Note: Lox is under active development and does not yet have a stable release. The API of all crates is subject to significant change.
Lox exposes a comprehensive astrodynamics API at varying levels of granularity. The high-level interface offered
by lox-space
is designed specifically for mission planning and analysis, while crates like lox-time
, lox-earth
and lox-orbits
provide tools for advanced users.
- A fully featured space mission simulator backend.
- Python bindings for interactive use.
- Tools for working with time in astronomical and terrestrial time scales.
- Define orbits as Keplerian elements or state vectors in different coordinate frames.
- Ephemeris, size and shape data for all major celestial bodies.
- Ingest and interpolate Earth orientation parameters with ease.
- Extensible – bring your own time scales, transformation algorithms, data sources and more.
The entrypoint to the Lox ecosystem, suitable for most use cases. Provides a high-level interface for mission planning and analysis. Also includes Lox's Python bindings.
Tools for working with time in all commonly-used astronomical time scales based on a high-precision timestamp representation. Offers leap-second aware conversion from UTC to continuous time scales.
Provides structs representing all major celestial bodies, conveniently categorized by a variety of traits exposing SPICE-derived data.

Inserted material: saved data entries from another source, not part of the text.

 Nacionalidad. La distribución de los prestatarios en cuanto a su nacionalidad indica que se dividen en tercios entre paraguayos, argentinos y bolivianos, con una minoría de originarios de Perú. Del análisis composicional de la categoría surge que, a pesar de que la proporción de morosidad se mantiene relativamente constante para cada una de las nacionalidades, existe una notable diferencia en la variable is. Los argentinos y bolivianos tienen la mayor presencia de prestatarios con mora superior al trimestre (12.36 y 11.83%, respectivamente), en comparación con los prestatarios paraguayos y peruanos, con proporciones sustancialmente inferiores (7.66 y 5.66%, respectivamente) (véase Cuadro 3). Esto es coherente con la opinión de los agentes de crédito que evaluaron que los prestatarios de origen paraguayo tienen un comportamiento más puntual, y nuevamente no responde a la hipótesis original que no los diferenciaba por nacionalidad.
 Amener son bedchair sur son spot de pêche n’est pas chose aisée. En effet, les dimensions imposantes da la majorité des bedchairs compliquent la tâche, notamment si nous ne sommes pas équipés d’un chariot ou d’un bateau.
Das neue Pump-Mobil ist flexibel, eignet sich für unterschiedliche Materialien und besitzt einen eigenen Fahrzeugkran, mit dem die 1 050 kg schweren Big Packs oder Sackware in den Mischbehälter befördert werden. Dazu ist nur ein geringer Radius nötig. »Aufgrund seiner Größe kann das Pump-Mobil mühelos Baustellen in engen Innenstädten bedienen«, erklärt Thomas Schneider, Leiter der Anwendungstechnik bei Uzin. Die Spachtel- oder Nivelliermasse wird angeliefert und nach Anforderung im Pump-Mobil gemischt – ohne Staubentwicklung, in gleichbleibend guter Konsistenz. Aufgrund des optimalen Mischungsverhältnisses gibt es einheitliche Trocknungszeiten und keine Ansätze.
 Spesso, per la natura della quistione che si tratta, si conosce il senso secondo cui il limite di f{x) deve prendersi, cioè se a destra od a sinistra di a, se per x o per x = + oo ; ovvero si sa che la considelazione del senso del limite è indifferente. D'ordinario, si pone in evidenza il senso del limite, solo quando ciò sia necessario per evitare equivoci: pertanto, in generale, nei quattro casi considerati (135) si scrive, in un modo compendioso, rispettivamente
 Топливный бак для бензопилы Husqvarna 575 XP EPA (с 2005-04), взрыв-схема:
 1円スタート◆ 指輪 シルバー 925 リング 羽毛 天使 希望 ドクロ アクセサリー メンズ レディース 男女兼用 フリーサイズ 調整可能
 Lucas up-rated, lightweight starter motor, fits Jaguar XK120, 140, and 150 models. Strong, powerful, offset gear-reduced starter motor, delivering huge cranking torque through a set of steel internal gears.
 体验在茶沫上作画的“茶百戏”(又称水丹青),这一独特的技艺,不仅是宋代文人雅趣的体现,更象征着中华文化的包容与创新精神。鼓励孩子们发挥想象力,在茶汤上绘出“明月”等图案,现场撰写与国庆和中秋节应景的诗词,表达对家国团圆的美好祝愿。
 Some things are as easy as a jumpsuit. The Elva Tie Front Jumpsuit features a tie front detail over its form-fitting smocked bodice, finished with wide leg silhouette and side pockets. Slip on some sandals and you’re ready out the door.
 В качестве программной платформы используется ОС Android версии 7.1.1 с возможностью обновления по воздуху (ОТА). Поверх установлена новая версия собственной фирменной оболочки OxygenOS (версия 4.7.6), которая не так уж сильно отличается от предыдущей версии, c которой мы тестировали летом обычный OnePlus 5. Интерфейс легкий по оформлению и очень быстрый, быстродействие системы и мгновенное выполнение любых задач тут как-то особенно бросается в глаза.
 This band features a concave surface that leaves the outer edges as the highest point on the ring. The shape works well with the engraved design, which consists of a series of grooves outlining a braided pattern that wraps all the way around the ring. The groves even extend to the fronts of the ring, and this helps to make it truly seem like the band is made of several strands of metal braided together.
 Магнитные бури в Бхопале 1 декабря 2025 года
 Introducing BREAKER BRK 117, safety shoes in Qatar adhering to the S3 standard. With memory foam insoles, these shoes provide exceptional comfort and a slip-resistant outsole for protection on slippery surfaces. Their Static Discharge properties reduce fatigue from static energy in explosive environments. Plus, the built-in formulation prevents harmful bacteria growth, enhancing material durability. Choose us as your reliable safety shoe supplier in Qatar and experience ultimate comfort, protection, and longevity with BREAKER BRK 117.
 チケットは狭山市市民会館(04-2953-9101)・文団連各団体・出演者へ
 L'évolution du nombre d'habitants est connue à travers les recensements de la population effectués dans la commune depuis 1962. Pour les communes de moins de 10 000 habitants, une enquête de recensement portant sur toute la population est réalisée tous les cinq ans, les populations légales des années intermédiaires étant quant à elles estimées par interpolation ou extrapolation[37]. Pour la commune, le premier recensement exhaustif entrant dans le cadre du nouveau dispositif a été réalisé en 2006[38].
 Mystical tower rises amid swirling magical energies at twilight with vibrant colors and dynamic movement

Essential algorithms for Earth-centric astrodynamics, including nutation-precession models, Earth rotation angle, CIP and CIO locations, and coordinate transformations.
Parses ephemeris data from external sources such as SPICE kernels.
Utilities for reading and writing data in various formats.
A collection of mathematical utilities used across the Lox ecosystem.
A next-generation, open-source space mission simulator commissioned by the European Space Agency.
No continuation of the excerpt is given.